Em dezembro de 1447 seu pai foi assassinado, e seu irmão mais velho, Mircea, queimado vivo por ordem do governador húngaro John Hunyadi (também conhecido como Ioande Hunedoara) com a ajuda dos boiardos, a elite governante da Wallachia. A morte de Mircea fez de Vlad o sucessor, mas com o apoio de Hunyadi, Vladslav II, membro de outro ramo da família, assumiu o trono da Wallachia. Vlad tentou reivindicar o trono em 1448, mas seu reino durou apenas dois meses antes de ser forçado a fugir para o reino vizinho da Moldávia. Em 1451, enquanto estava em Suceava, a capital da Moldávia, o governante foi assassinado. Seja pelo que fosse, Vlad foi à Transilvânia e se colocou a mercê de Hunyadi, a própria pessoa que tinha ordenado o assassinato de seu pai.

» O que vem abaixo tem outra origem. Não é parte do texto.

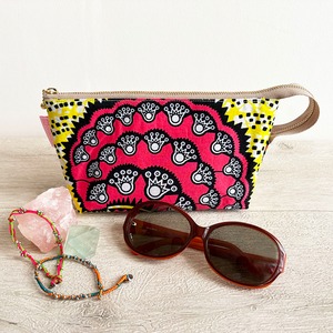 アフリカンプリントを使用した、カラフルで個性豊かなデイリーに使えるマルチポーチです。コスメもガジェットも、美しくひとつに。無機質なガジェットもしまうたび気分が上がります。

A aliança entre Hunyadi e Vlad talvez tenha sido possível pela adoção, por parte de Vladislav II, de uma política pró-turca que alienava Hunyadi. Vlad lutou ao seu lado, que no final reconheceu a reivindicação de Vlad elo trono da Wallachia.

Hunyadi morreu em 11 de agosto de 1456 durante a peste que assolou Belgrado. Imediatamente após esse evento, Vlad saiu da Transilvânia para ir à Wallachia. Derrotou Vladislav II e em 20 de agosto alcançou o príncipe fugitivo e o matou. Vlad iniciou então seu reinado de seis anos, durante o qual sua reputação foi estabelecida. Em setembro fez um juramento formal ao Rei Ladislaus V da Hungria e poucos dias depois um juramento de submissão ao sultão turco.